*Information supplied:*
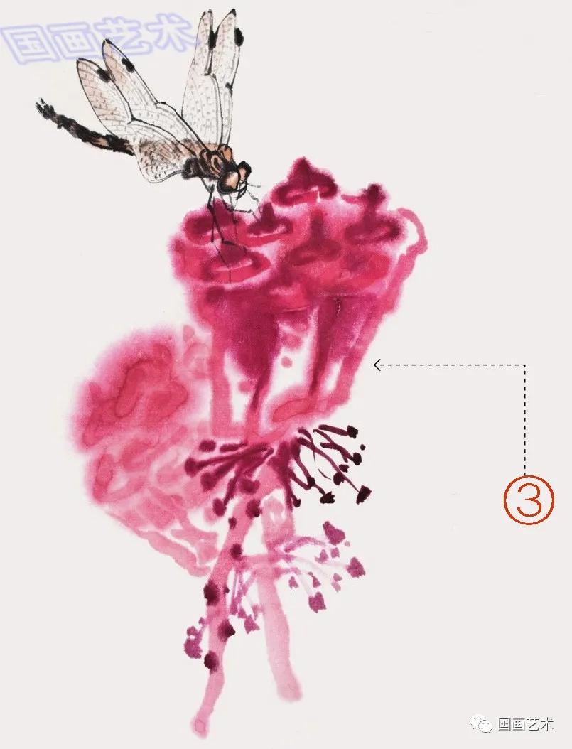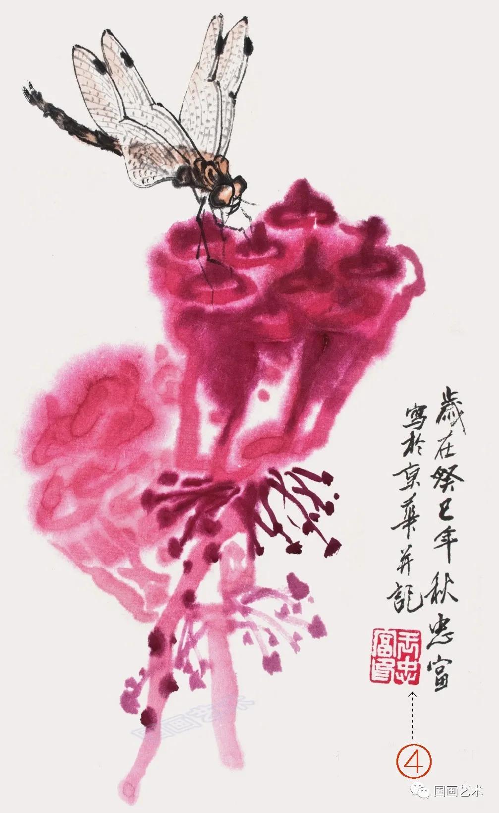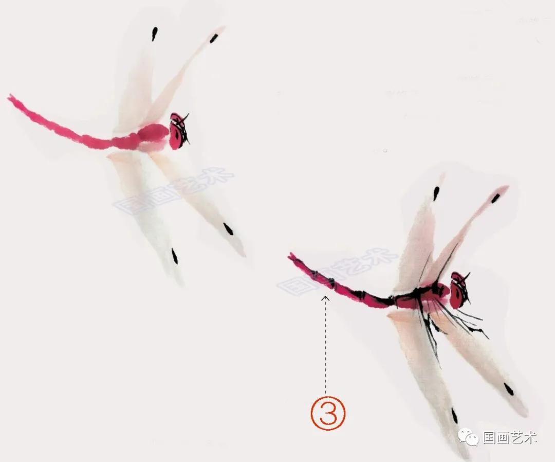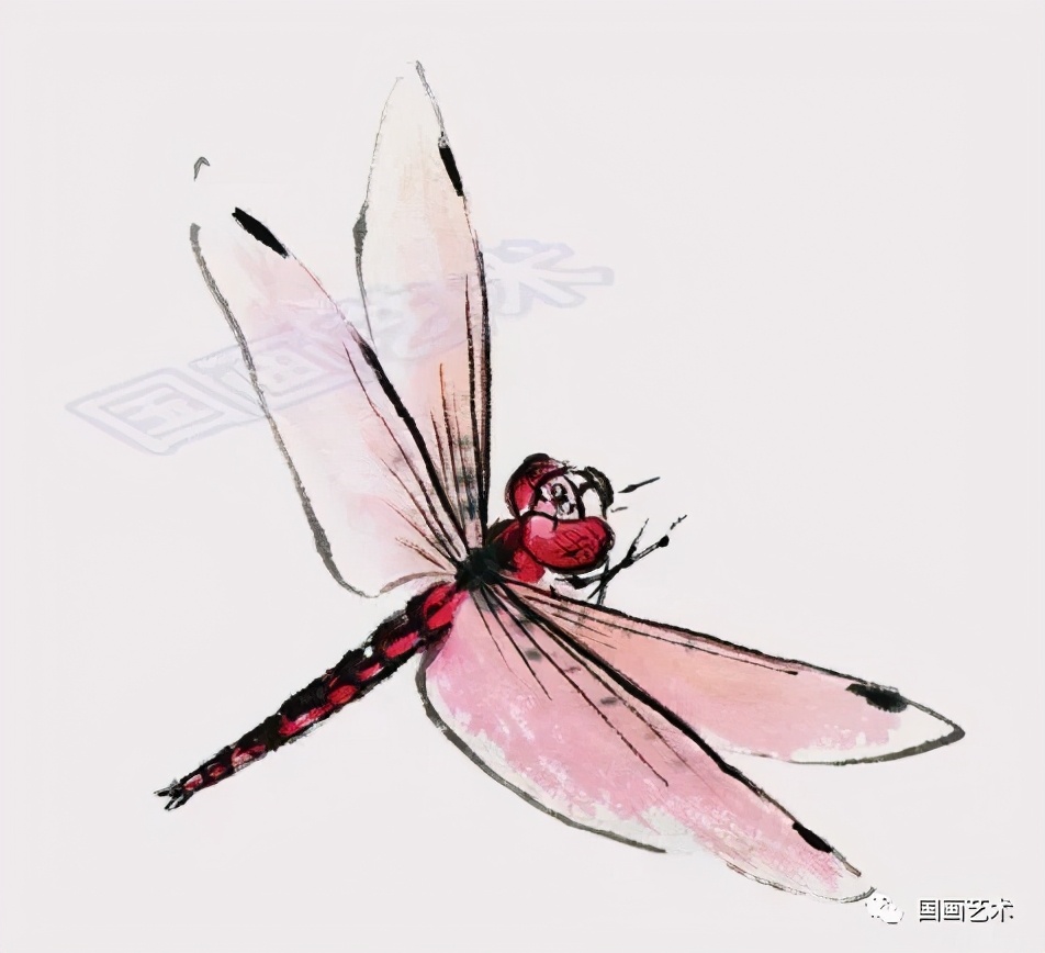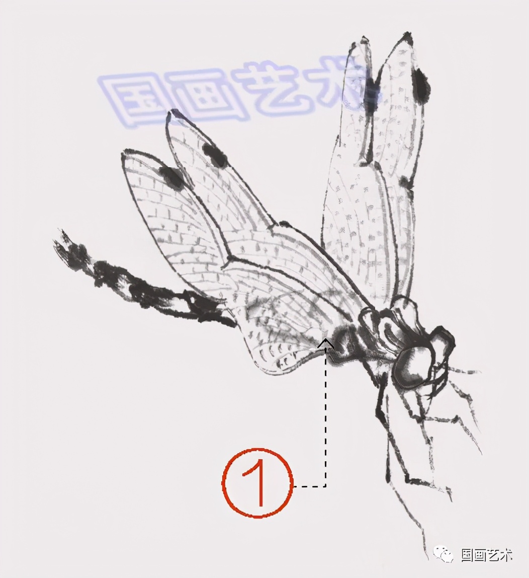蘸取浓墨,为翅膀点画翅痣。中锋绘制蜻蜓脚及翅膀上的脉络。再细化胸、腹部,完成蜻蜓的绘制。↓↓↓
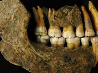 一块哺乳动物头骨化石,牙齿窝里的沉积物,原来是史前蜜蜂筑的巢穴。图片来源:拉萨...
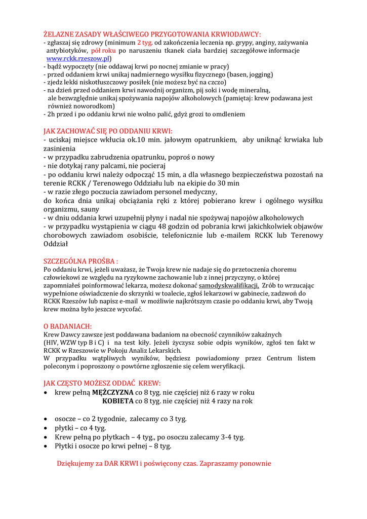 ŻELAZNE ZASADY WŁAŚCIWEGO PRZYGOTOWANIA KRWIODAWCY: - zgłaszaj się zdrowy (minimum 2 tyg. od zakończenia leczenia np. grypy, anginy, zażywania antybiotyków, pół roku po naruszeniu tkanek ciała bardziej szczegółowe informacje www.rckk.rzeszow.pl) - bądź wypoczęty (nie oddawaj krwi po nocnej zmianie w pracy) - przed oddaniem krwi unikaj nadmiernego wysiłku fizycznego (basen, jogging) - zjedz lekki niskotłuszczowy posiłek (nie możesz być na czczo) - na dzień przed oddaniem krwi nawodnij organizm, pij soki i wodę mineralną, ale bezwzględnie unikaj spożywania napojów alkoholowych (pamiętaj: krew podawana jest również noworodkom) - 2h przed i po oddaniu krwi nie wolno palić, gdyż grozi to omdleniem JAK ZACHOWAĆ SIĘ PO ODDANIU KRWI: - uciskaj miejsce wkłucia ok.10 min. jałowym opatrunkiem, aby uniknąć krwiaka lub zasinienia - w przypadku zabrudzenia opatrunku, poproś o nowy - nie dotykaj rany palcami, nie pocieraj - po oddaniu krwi należy odpocząć 15 min, a dla własnego bezpieczeństwa pozostań na terenie RCKK / Terenowego Oddziału lub na ekipie do 30 min - w razie złego poczucia zawiadom personel medyczny, do końca dnia unikaj obciążania ręki z której pobierano krew i ogólnego wysiłku organizmu, sauny - w dniu oddania krwi uzupełnij płyny i nadal nie spożywaj napojów alkoholowych - w przypadku wystąpienia w ciągu 48 godzin od pobrania krwi jakichkolwiek objawów chorobowych zawiadom osobiście, telefonicznie lub e-mailem RCKK lub Terenowy Oddział SZCZEGÓLNA PROŚBA : Po oddaniu krwi, jeżeli uważasz, że Twoja krew nie nadaje się do przetoczenia choremu człowiekowi ze względu na ryzykowne zachowanie lub z innej przyczyny, o której zapomniałeś poinformować lekarza, możesz dokonać samodyskwalifikacji, Zrób to wrzucając wypełnione oświadczenie do skrzynki w toalecie, zgłoś lekarzowi w gabinecie, zadzwoń do RCKK Rzeszów lub napisz e-mail w możliwie najkrótszym czasie po oddaniu krwi, aby Twoją krew można było jeszcze wycofać. O BADANIACH: Krew Dawcy zawsze jest poddawana badaniom na obecność czynników zakaźnych (HIV, WZW typ B i C) i na test kiły. Jeżeli życzysz sobie odpis wyników, zgłoś ten fakt w RCKK w Rzeszowie w Pokoju Analiz Lekarskich. W przypadku wątpliwych wyników, będziesz powiadomiony przez Centrum listem poleconym i poproszony o powtórne zgłoszenie się celem weryfikacji. JAK CZĘSTO MOŻESZ ODDAĆ KREW: krew pełną MĘŻCZYZNA co 8 tyg. nie częściej niż 6 razy w roku KOBIETA co 8 tyg. nie częściej niż 4 razy na rok osocze – co 2 tygodnie, zalecamy co 3 tyg. płytki – co 4 tyg. Krew pełną po płytkach – 4 tyg., po osoczu zalecamy 3-4 tyg. Płytki i osocze po krwi pełnej – 8 tyg. Dziękujemy za DAR KRWI i poświęcony czas. Zapraszamy ponownie

*What this task involves:* Starting with the first line of the data above, write out each line exactly up to and including the line that holds "一块哺乳动物头骨化石,牙齿窝". Pictures stay out.

*Answer to this exercise:*
蘸取浓墨,为翅膀点画翅痣。中锋绘制蜻蜓脚及翅膀上的脉络。再细化胸、腹部,完成蜻蜓的绘制。↓↓↓
 一块哺乳动物头骨化石,牙齿窝里的沉积物,原来是史前蜜蜂筑的巢穴。图片来源:拉萨...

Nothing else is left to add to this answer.